GOAL OF THE EXERCISE —
Please restate the data that follows word for word, with the pictures left out.

DATA SHOWN —

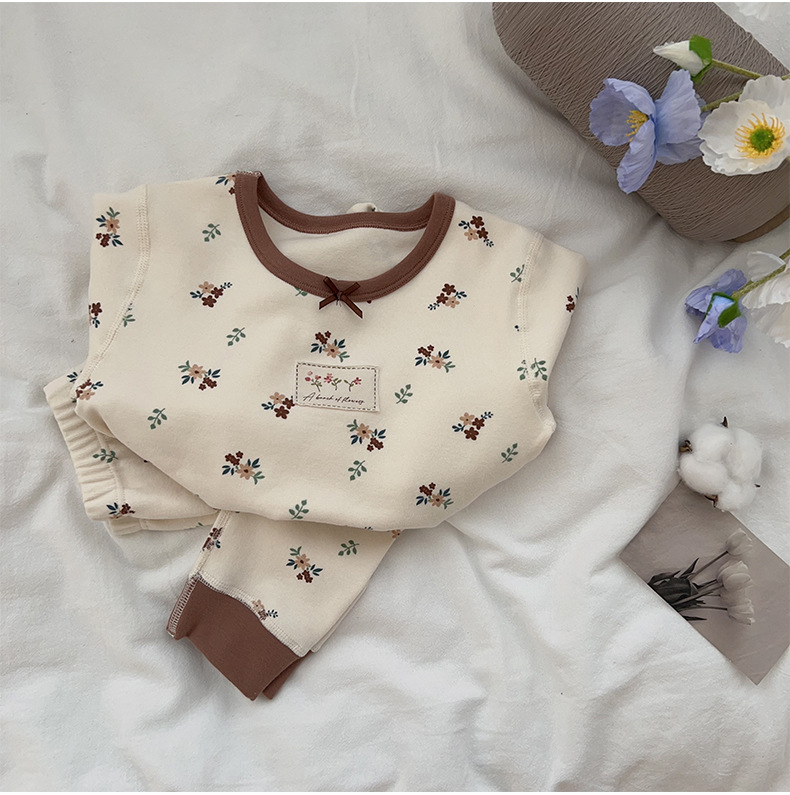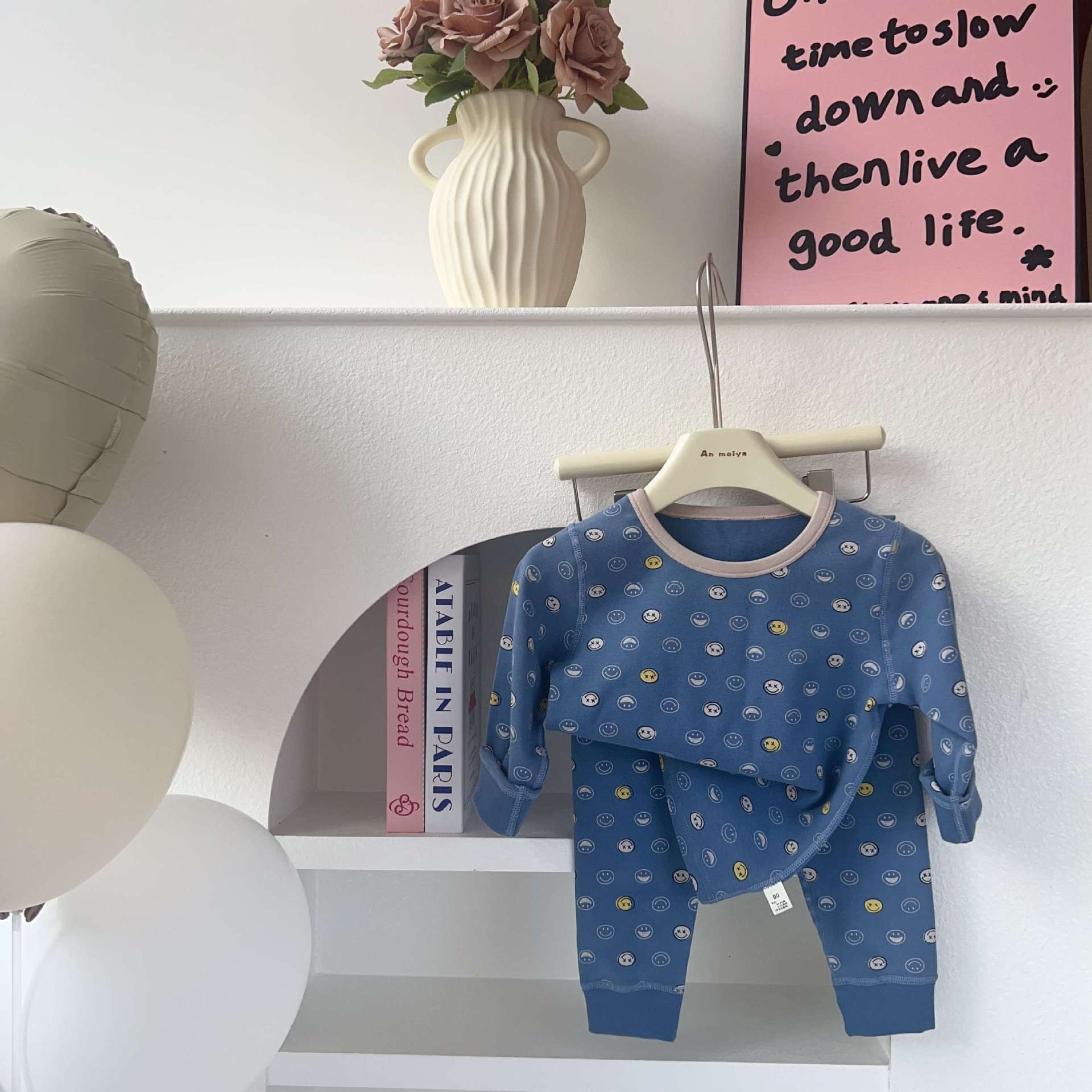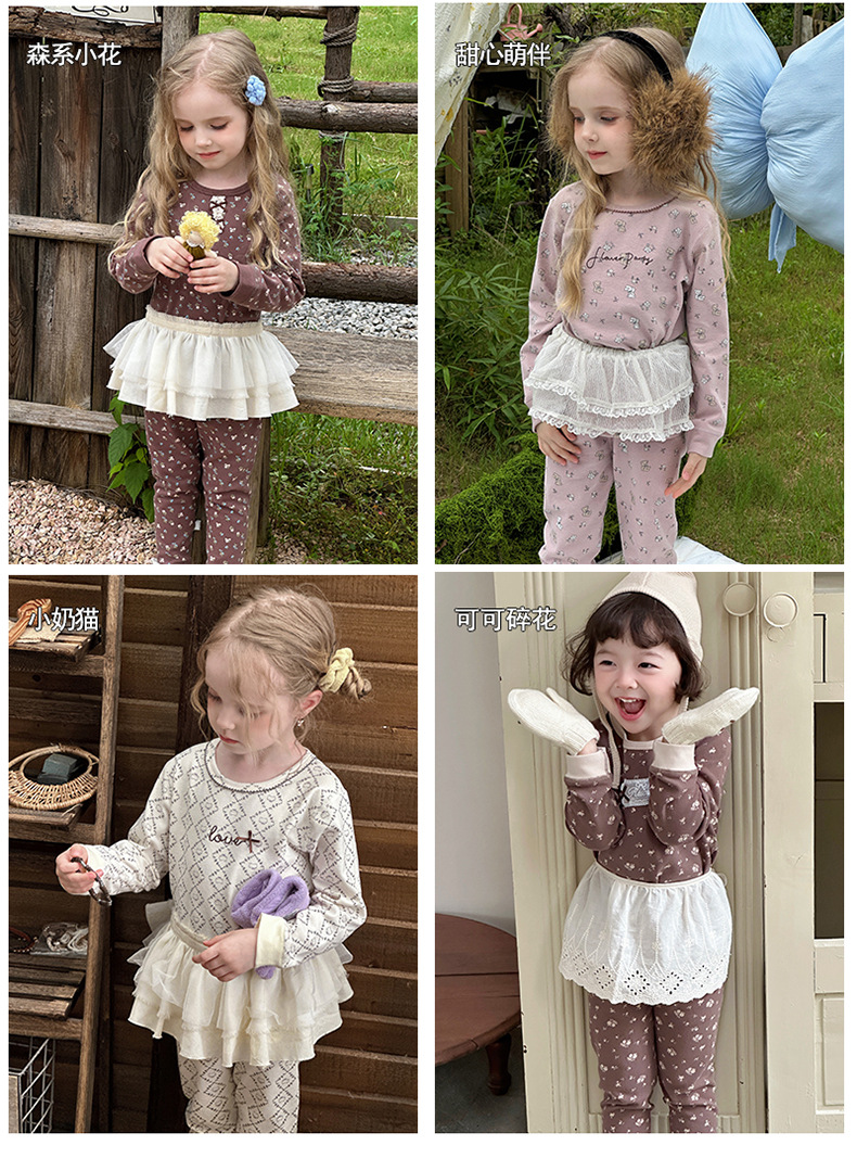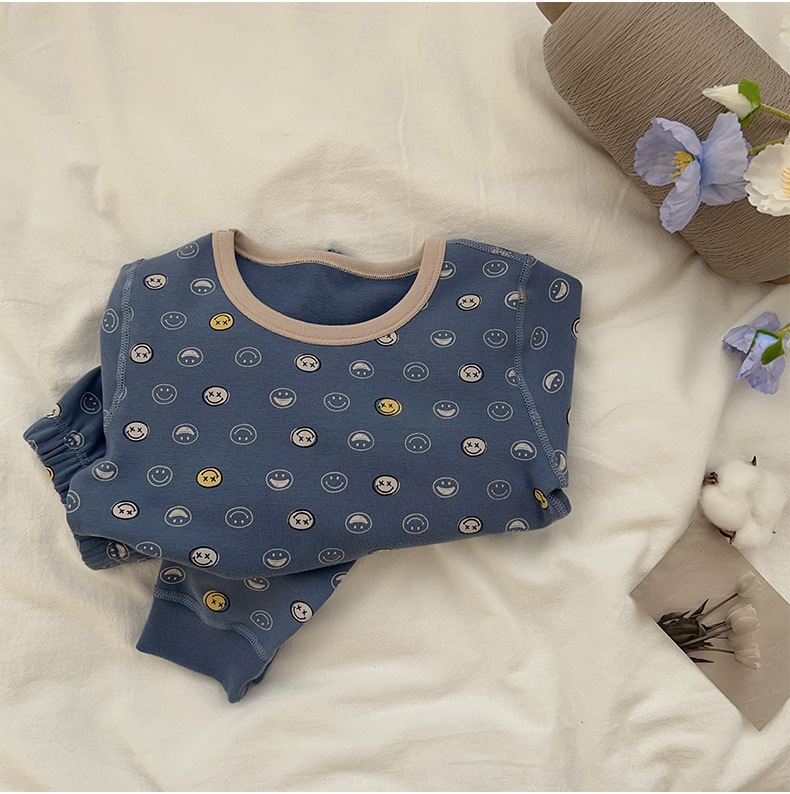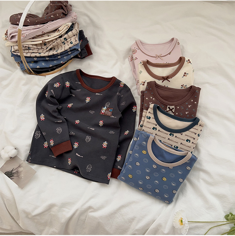 AnMeiya 어린이 울 풀 랙 세트 두꺼운 어린이 가을 옷 투피스 세트 신장 긴 스테이플 코튼 소프트 홈 의류스토어 가기
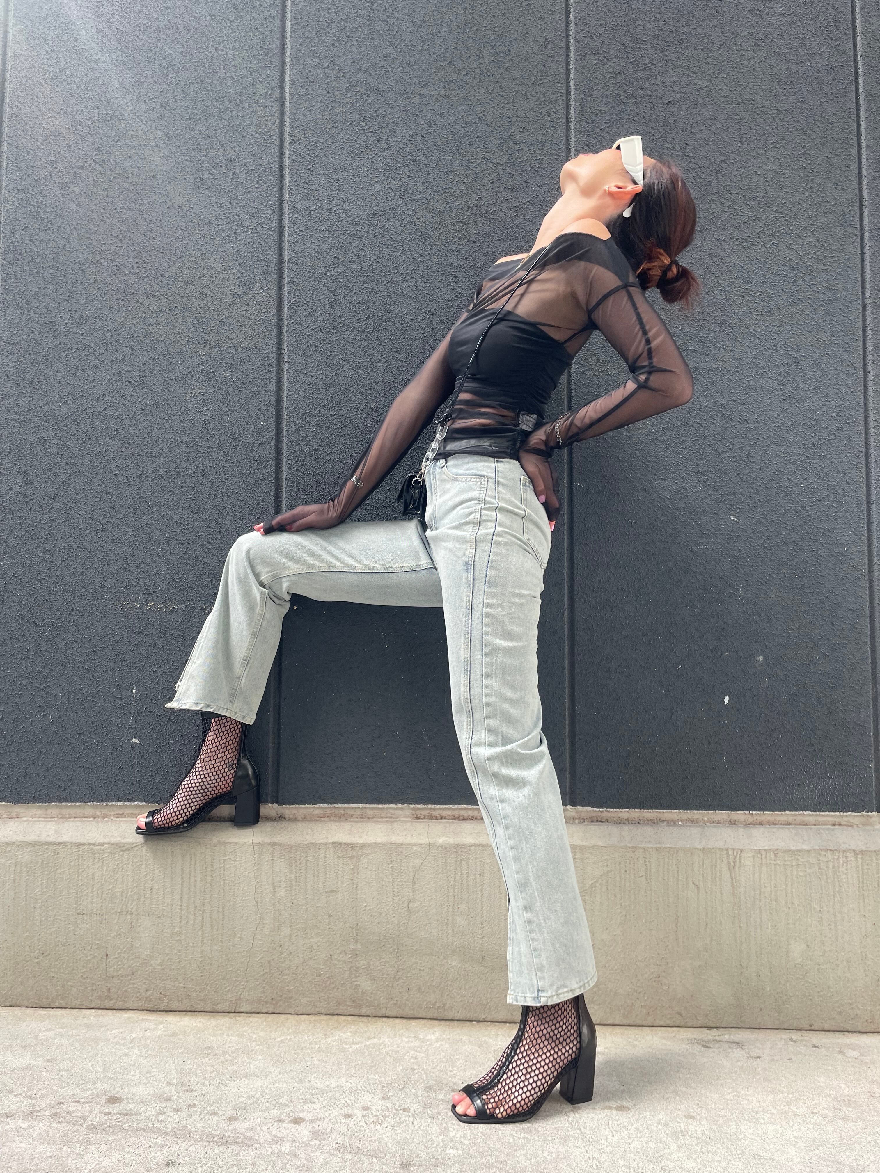 オシャレでセクシーなスタイルを演出できる、ストレッチメッシュオフショルダートップスの2点セットが登場しました!
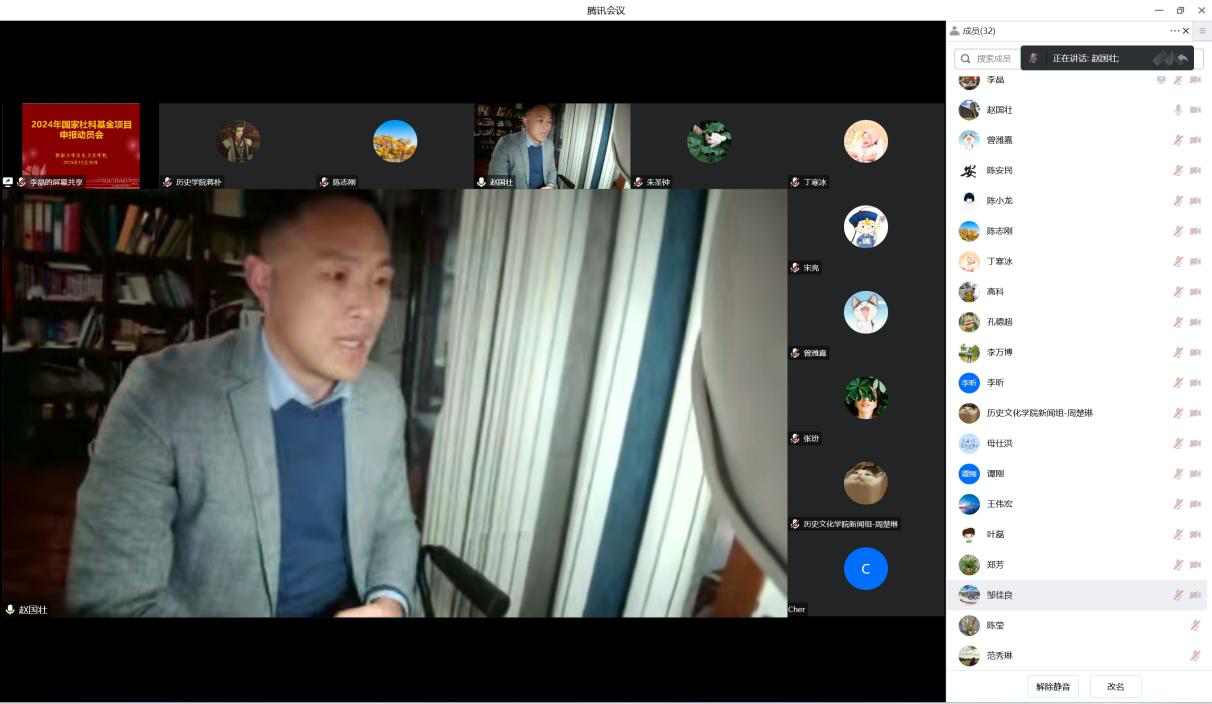 院长赵国壮、副院长李晶、学院2024年国家社科基金项目申报人出席会议。

ANSWER SPACE —
 AnMeiya 어린이 울 풀 랙 세트 두꺼운 어린이 가을 옷 투피스 세트 신장 긴 스테이플 코튼 소프트 홈 의류스토어 가기
 オシャレでセクシーなスタイルを演出できる、ストレッチメッシュオフショルダートップスの2点セットが登場しました!
 院长赵国壮、副院长李晶、学院2024年国家社科基金项目申报人出席会议。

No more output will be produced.